The police chief said that his officers did respond to the Park Manor Apartments minutes after the initial 911 call. But there was one big problem. There are two buildings and they went to the wrong one.

“Our call taker took the call and entered the location by name instead of by address,” Spivey said. "And when that name or that address populated, it populated with the address of 2934, apartment number 131. Where Mr. Bradley actually lived was 2930, apartment number 131.”

By chance, in the other apartment building, in unit 131, lives a man with a dog. 

When police arrived, they were looking for a man and a dog. When they found him and saw he was OK, they thought that call was over. But it was the wrong man, and Bradley was trapped inside his unit dying in the other building.

“After they leave, they continue to get calls and our call taker continues to say 'No, our officers went out there. They talked to the resident who was there,'" Spivey said. "Nobody had malice, nobody intentionally not doing their job. It was a true case of miscommunication, and it led to this tragic outcome.”

When did help show up?

At 9:36 p.m., six 911 calls later and nearly an hour after the initial call, residents came up with a new idea. They called it in as a fire.

Bradley's best friend, Larry Zink, said the fire alarms were going off.

“When I turned and I saw him call I said, ‘He’s got it wrong. It's not a fire,'" Rodriguez said. "And then I thought to myself, 'Good, maybe someone will come.'"

Minutes later, responders with the Irving Fire Department showed up.

“They all couldn’t get in the door and it took, I want to say, a good 20 minutes or so to break the door down," Rodriguez said. "They tried everything they could and they got in."

She said they were inside for a while before they stepped out to give them an update. 

"I asked, 'How is he?' And they looked down," Rodriguez said. "One of them looked at me and said, 'Not good.'"

Bradley was pronounced dead inside his unit.

His friends were devastated.

“He died in an awful way," said friend Wendy Greenleaf. “He should have been treated better.”
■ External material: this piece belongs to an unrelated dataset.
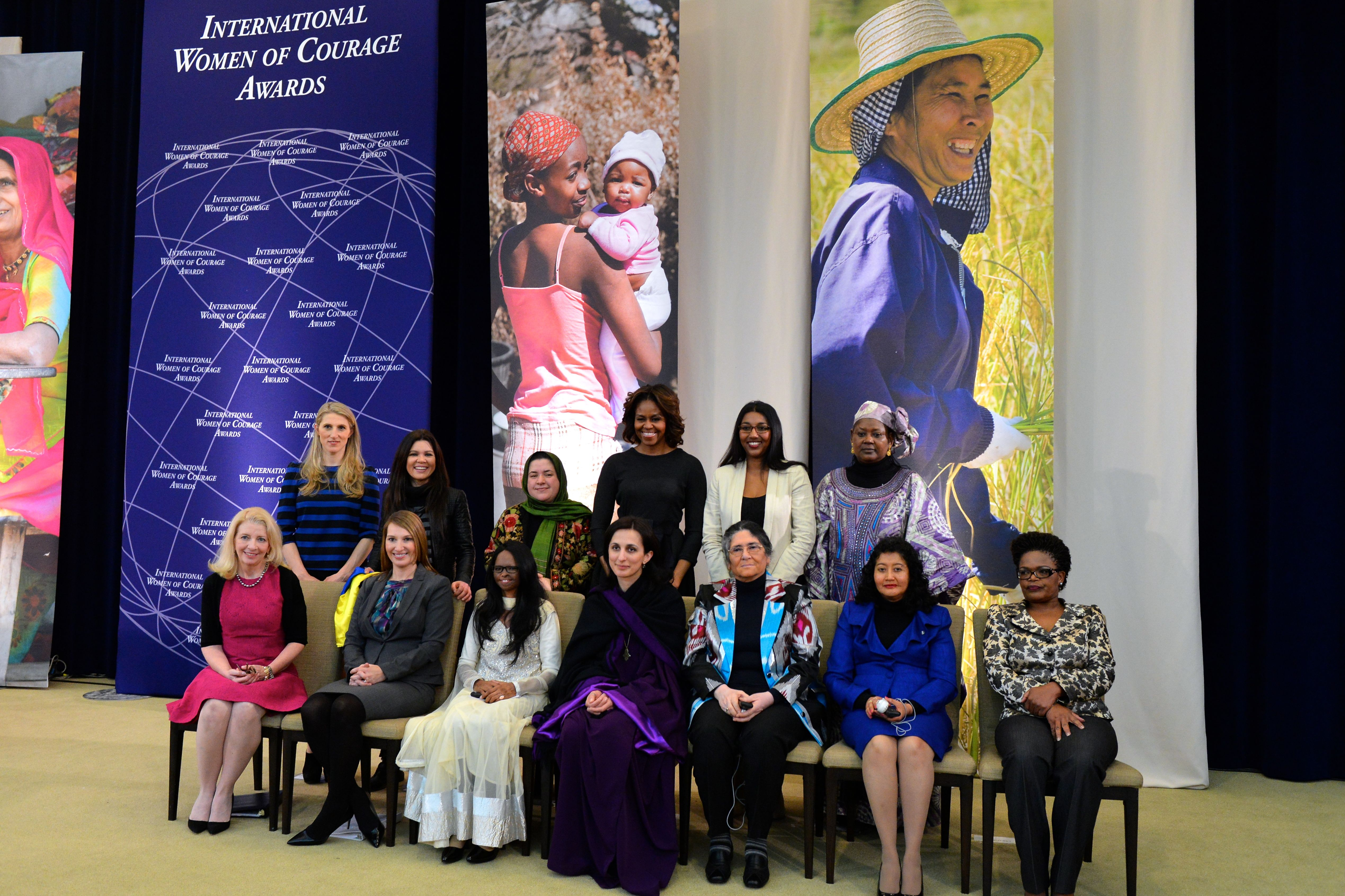 First Lady Michelle Obama, Deputy Secretary Heather Higginbottom, and U.S. Ambassador-at-Large for Global Women's Issues Catherine Russell pose for a photo with the 2014 Secretary of State’s International Women of Courage Awardees at the U.S. Department of State in Washington, D.C., on March 4, 2014. [State Department photo/ Public Domain]

“I pass through there every so often and think this should not have happened," Rodriguez said. "This should not have happened. Granted, he was an elderly gentleman, but he still had a lot of life in him.”

After Bradley's death

Spivey said when he learned of the case, he immediately launched an investigation. 

After the investigation was completed, 911 dispatchers and police officers involved in the response were disciplined, the Irving police department said. However, they said they couldn't disclose the specifics of who and how they were disciplined. 

Spivey said he also met with Bradley's family.

“Not making any excuses for what we did, and not trying to cover it up," he said. "We could do better. I offer my deepest apology, my sympathy, and hope to never have this happen again.”